What you have to do ▸
Pictures excluded, reproduce exactly the lines below from the one with "今朝は図書ボランティアの方々" through the one with "Seputarperak.com- Pemantauan debit", both included.

Records from a data collection ▸
+++++
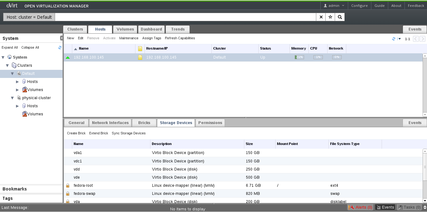 There will be a new sub tab with name “Storage Devices” will be added under the Hosts tab. This tab will list all the storage devices in the hosts. All free storage devices which can be provisioned to use in gluster volume will be shown in the top of the list, remaining storage devices which are already used will be shown with a lock symbol in the begging of the column as in the below screen shot.
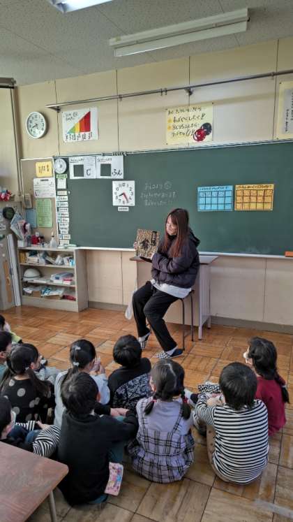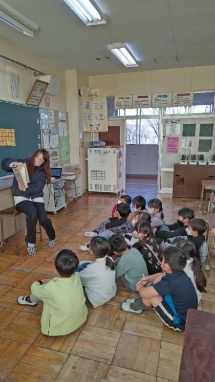 今朝は図書ボランティアの方々による1〜3年生の読み聞かせです。みんな教室の前に集まって始まるのを待っています。
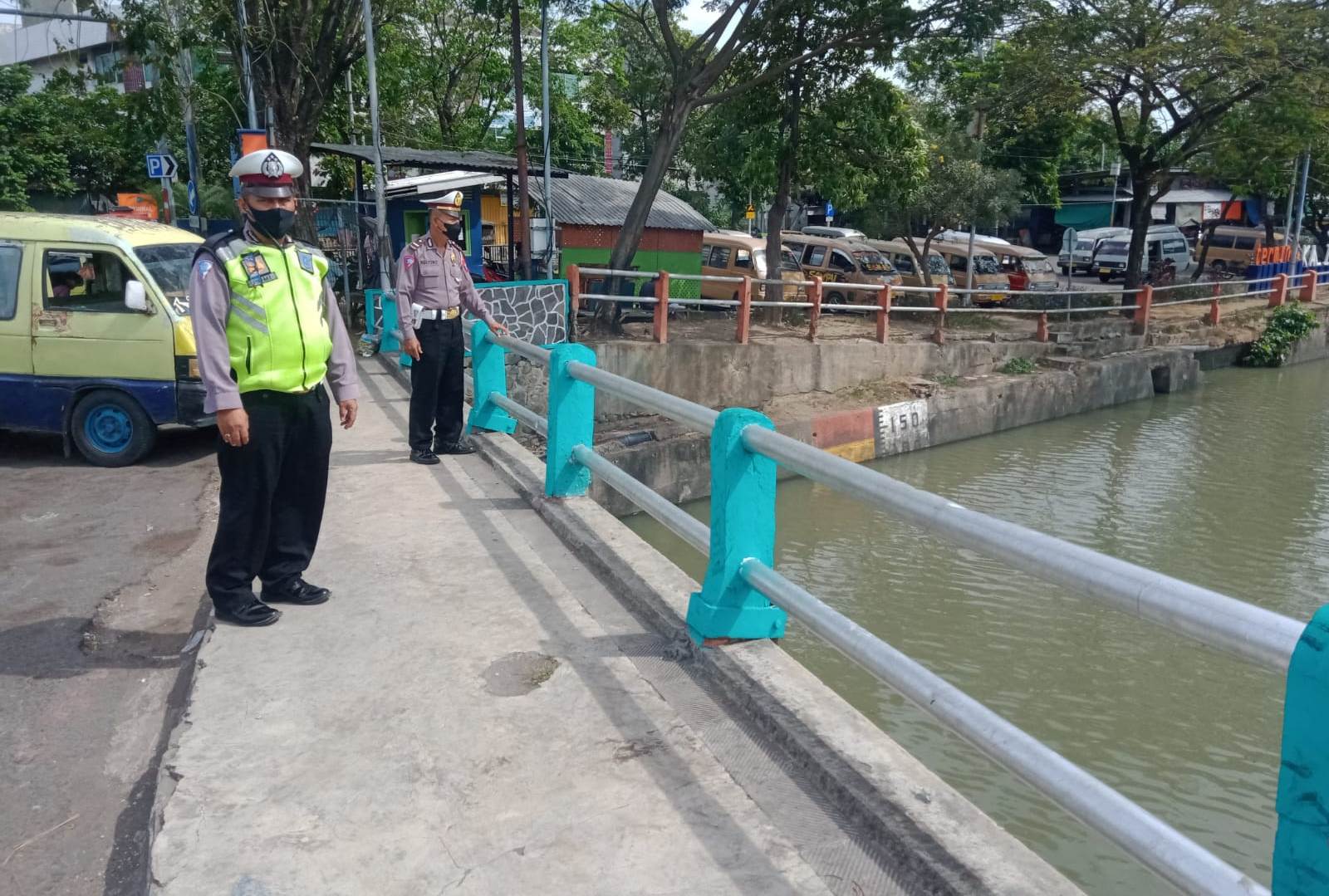 Seputarperak.com- Pemantauan debit air dilakukan personil Polsek Pabean Cantikan, Polres Pelabuhan Tanjung Perak di Sungai Kalimas, Senin siang, 12 Juli 2021.
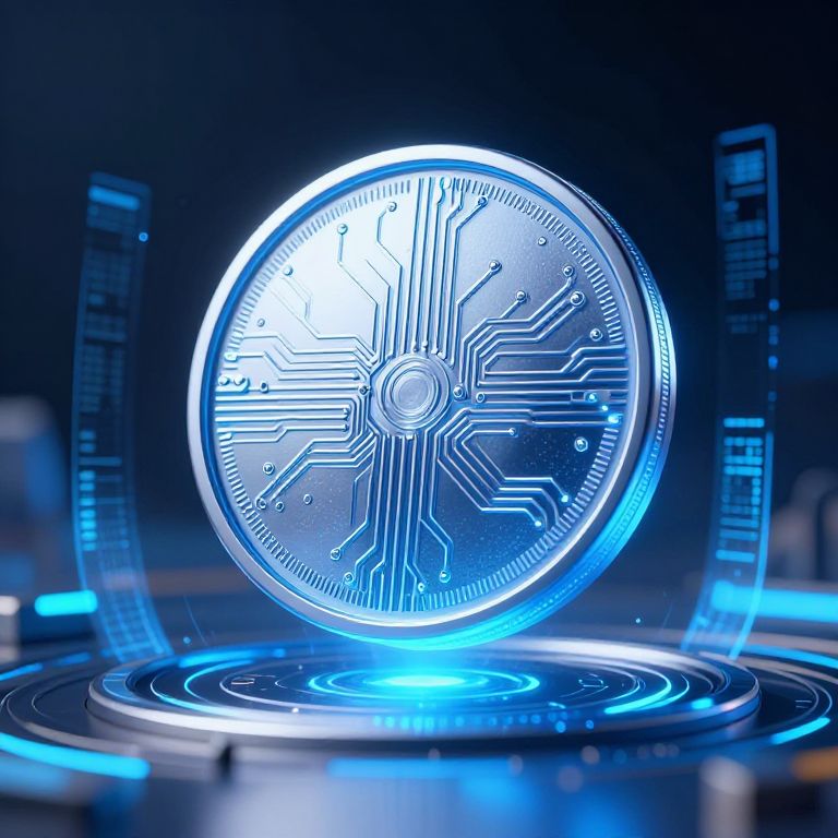A digital CGI image showcases a glowing, metallic coin with intricate, neon-blue circuit patterns on its surface, centered against a dark, futuristic background. The coin, illuminated by blue light, floats on a circular, glowing platform with concentric blue rings. Two vertical, translucent blue panels flank the coin, enhancing the high-tech aesthetic. The overall color palette consists of deep blues and metallic silvers, creating a sleek, sci-fi atmosphere. The coin's detailed circuit design adds a modern, technological feel to the image.
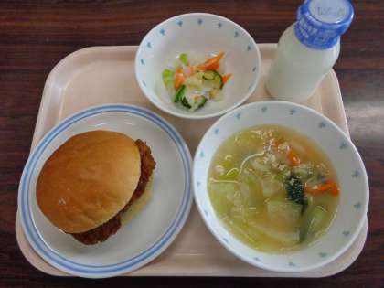 今日の給食:フィッシュバーガー 冬瓜とひき肉のスープ
+++++
Result of this task ▸
 今朝は図書ボランティアの方々による1〜3年生の読み聞かせです。みんな教室の前に集まって始まるのを待っています。
 Seputarperak.com- Pemantauan debit air dilakukan personil Polsek Pabean Cantikan, Polres Pelabuhan Tanjung Perak di Sungai Kalimas, Senin siang, 12 Juli 2021.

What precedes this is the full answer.